Catholic New Times bows out after 30 years

  • November 20, 2006
TORONTO - The Catholic New Times, Toronto's herald of left-leaning Catholicism, will cap off 30 years by publishing it's last issue on Nov. 16.

Ever spiralling mailing costs and a dwindling base of subscribers doomed the little publication which rose to challenge The Catholic Register in 1976. The final press run will be just 4,200 copies for an issue dated Nov. 29. A little more than a decade ago, subscriptions peaked at over 12,000.

"The New Times had a very important role to play. I don't think that need for a progressive voice within the Canadian Catholic Church is gone," said editor and publisher Diane Bisson.

Bisson predicts the paper and the community of writers, artists and activists behind it will rise again in some other form, possibly as a web site.

"It's important to understand that it is the paper that's coming to closure," she said. "If we profess the paschal mystery, by definition Christians believe that when something dies then there is the possibility for rebirth."

The Catholic New Times was born one afternoon in the student lounge of the University of St. Michael's College when Romero House founder Mary Jo Leddy, a graduate student at the time, ran into a frustrated Jesuit Father Jim Webb. Webb was working with the Interchurch Coalition on Corporate Responsibility in the mid-1970s. At a shareholders meeting where the coalition had been trying to pass a motion in favour of sanctions against South Africa one of the corporate directors had responded by waving a copy of The Catholic Register  and claiming that the Catholic newspaper had endorsed apartheid.

Webb told Leddy about the incident.

"We all just looked at one another and said, that's not the official teaching of the Catholic Church, for sure," recalled Leddy. "That was the impetus to begin the conversation."

(A careful search of Register back issues uncovered no editorial on apartheid, either for or against. However, a column by then editor Larry Henderson on May 8, 1976, praised South African president P.W. Botha's slow and gradual approach to eliminating apartheid at a time when church leaders in South Africa were calling for an immediate end to the system of two-tier citizenship and government-sponsored racism.)

Over the years the paper trumpeted the social justice teachings of the Second Vatican Council and the Canadian Conference of Catholic Bishops.

In the 1980s and '90s the paper championed liberation theology in Latin America and feminist theology at home. It reported on the liberation theology-inspired revolutions in Nicaragua and El Salvador, and encouraged Canadian Catholics to welcome the refugees from the wars those countries fought with U.S.-financed forces.

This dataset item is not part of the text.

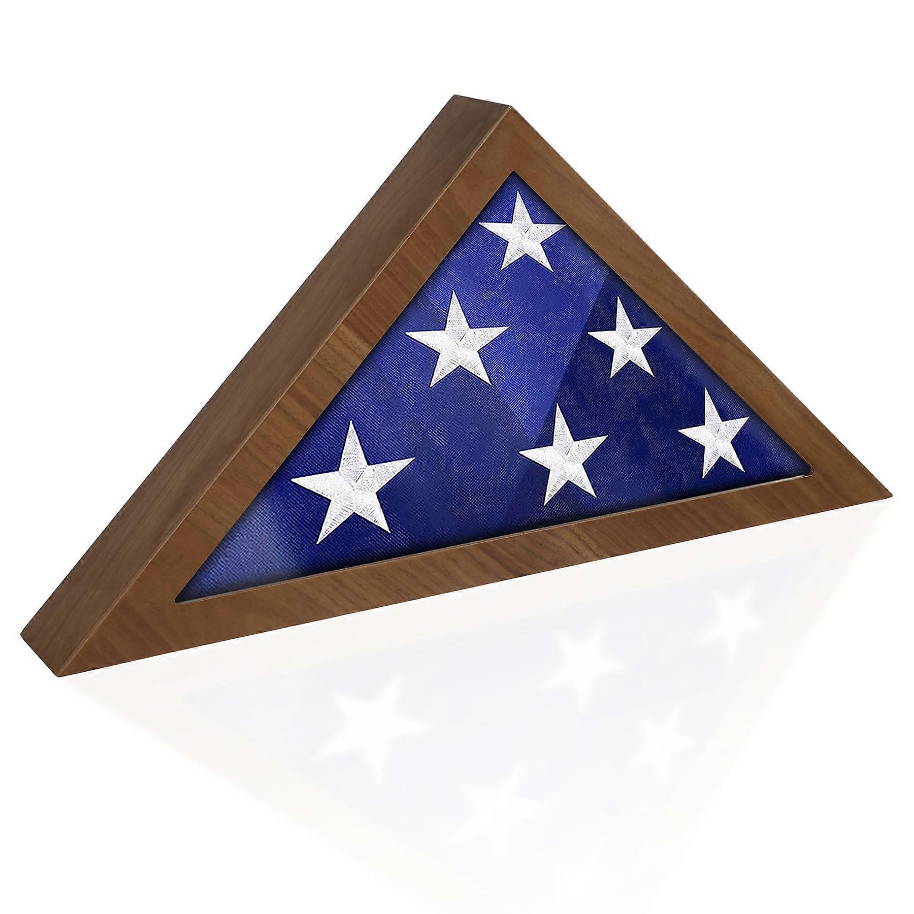 Burial Flag Display Case for 5x9.5 American Flag, Walnut Military Memorial Frame Wall Mount

The paper also came out in favour of ordaining women in its later years. It also championed the cause of homosexual activists who disagreed with church teaching that opposed homosexual sex. Such views put it at odds with official Catholic teaching and drew criticism from many mainstream Catholics. It was even banned in at least one diocese in Ontario.

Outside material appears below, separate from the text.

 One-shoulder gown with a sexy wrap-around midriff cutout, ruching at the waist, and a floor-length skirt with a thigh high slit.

The New Times always relied on the support of nuns, brothers and religious priests and teachers who worked for the paper for free or very low wages, and generously supported it with donations and subscriptions. As the religious communities grew older and dwindled, the paper lost an important source of support, said Leddy. In the end, it relied on union donations as well as its other support.

Leddy also blames an excessively negative tone for the paper's decline.

"It got whiny, I think, at a certain point," she said. "It's one thing to criticize, but it's much more important to be talking about the alternatives, and what's viable, what's energizing.

"One thing I feel good about is that I think the concern for social justice has really been accepted as a mainstream concern," said Leddy. "And it's certainly reflected, for example, in The Catholic Register."

The end of The New Times is not a judgment on Vatican II inspired activism, said Michael Higgins, a former New Times books editor and current president of St. Thomas University in Fredericton, N.B.

"It's a mistake to assume there's a loss of interest in a prophetic voice, or there's a loss of interest in social justice issues, or that Catholic issues have become marginal."

An absence of professional journalists and an increasingly narrow focus drove readers away, according to Higgins.

"In the end, what is the most telling sign?" he asked. "Are people reading you? If your circulation, if your subscribers, have melted away you can't blame the institutional church. You can't blame the government. You can't blame Canada Post."

Since 1990 the Catholic press in Canada has lost the Jesuit journal Compass, the quarterly Grail and the Canadian Catholic Review.